While working with the drain waste vent system, or DWV, is something left to a professional plumber, there are ways a homeowner can vent plumbing. For any plumbing system, proper ventilation is essential. Because of this, all fixtures, including bathtubs, showers, sinks, and toilets, need to be connected to ventilation piping.

With this system, outside air pressure that is pulled into the pipes helps push waste or dirty water down drains. In addition, to eliminate the presence of harmful gasses and unpleasant odors, vent pipes go through the roof. For a do-it-yourself venting project, there are a few things you can try.

Know Codes and Choose Proper Materials

Before starting any job, it is imperative to become familiar with current building and/or plumbing codes, since there are restrictions on pipe material, size, and placement, as well as distance between vent pipes and fixtures. Sometimes, a special permit to make changes is needed, so knowing the codes will help.

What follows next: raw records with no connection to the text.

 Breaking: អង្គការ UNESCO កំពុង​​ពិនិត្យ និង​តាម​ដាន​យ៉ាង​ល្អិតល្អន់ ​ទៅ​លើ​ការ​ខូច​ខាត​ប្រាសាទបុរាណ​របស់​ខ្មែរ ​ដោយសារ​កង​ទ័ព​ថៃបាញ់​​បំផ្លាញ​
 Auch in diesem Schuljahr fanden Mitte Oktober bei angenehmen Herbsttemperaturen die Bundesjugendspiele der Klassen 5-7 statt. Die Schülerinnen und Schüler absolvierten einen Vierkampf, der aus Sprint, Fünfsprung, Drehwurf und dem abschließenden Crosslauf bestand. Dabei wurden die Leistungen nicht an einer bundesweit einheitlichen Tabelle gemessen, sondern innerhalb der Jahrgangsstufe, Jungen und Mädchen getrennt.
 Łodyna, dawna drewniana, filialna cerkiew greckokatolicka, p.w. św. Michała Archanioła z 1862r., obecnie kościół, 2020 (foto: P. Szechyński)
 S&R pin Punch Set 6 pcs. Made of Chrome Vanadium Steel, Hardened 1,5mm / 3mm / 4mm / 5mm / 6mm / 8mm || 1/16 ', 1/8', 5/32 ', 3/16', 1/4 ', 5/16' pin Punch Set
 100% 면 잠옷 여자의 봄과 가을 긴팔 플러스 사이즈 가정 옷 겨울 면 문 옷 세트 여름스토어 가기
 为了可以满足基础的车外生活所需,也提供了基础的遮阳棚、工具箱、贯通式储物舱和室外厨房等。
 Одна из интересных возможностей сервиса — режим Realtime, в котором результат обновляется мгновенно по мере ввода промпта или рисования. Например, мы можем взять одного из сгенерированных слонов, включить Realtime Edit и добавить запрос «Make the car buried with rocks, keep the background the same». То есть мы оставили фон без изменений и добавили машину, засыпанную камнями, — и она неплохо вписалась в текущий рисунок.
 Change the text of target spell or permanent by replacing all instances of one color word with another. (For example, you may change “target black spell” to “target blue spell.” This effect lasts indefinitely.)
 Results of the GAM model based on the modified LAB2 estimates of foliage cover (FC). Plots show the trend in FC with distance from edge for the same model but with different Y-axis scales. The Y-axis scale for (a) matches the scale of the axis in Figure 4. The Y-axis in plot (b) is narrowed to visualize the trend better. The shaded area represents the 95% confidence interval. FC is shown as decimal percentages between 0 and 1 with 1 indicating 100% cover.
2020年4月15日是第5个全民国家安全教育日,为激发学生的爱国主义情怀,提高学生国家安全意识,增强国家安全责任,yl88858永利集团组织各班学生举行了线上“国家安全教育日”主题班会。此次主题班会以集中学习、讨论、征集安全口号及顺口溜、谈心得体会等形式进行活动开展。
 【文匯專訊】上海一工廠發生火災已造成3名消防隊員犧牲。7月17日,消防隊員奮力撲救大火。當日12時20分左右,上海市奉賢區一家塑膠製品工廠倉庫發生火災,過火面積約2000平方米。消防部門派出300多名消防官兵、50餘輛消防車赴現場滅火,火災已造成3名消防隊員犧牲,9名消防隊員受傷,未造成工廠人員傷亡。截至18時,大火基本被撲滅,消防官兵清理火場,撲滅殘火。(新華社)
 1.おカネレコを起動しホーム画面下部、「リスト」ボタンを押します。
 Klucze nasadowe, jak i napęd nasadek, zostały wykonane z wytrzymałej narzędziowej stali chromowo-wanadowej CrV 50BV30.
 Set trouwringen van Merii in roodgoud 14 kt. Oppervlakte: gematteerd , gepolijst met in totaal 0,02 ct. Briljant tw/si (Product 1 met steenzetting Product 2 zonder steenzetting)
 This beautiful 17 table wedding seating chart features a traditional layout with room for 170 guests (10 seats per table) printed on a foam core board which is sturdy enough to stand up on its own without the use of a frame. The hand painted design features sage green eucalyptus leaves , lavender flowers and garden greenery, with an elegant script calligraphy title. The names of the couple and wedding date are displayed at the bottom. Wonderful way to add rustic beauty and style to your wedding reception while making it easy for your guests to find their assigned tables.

It is also important to understand the different types of materials that can be used. Considerations include personal need, existing piping, and overall budget. Typically, these pipes are less than 10 inches in diameter and made from ABS or PVC plastic. If a more durable pipe is needed, you could go with cast iron, steel, or copper. When choosing the material, the following are important things to consider:

  • Strength and durability
  • Corrosion resistance
  • Flexibility
  • Weight
  • Joint connections

Additional Factors

For a do-it-yourself vent plumbing job, other things need to be taken into consideration, such as:

  • Size Constraints – In addition to being used for ventilation, these pipes are used for waste and drain water. While there is more flexibility with larger pipes, they may not actually be needed.
  • Waste Pipes – For an apartment or condominium, there will be a central pipe that is larger in diameter. Understanding the type of central pipe will help with the vent plumbing job.
  • Drain Pipes – These pipes are used to carry water from bathtubs, showers, sinks, and other appliances and usually have a P-trap underneath the sink. Gaining a basic understanding of these pipes is also recommended.
  • Buying Materials – After going over all the information and conducting online research, you will need to visit a hardware or home improvement store to purchase the necessary materials. Beforehand, you should know the size of the piping needed, as well as the type and number of fittings needed to attach pipe pieces together.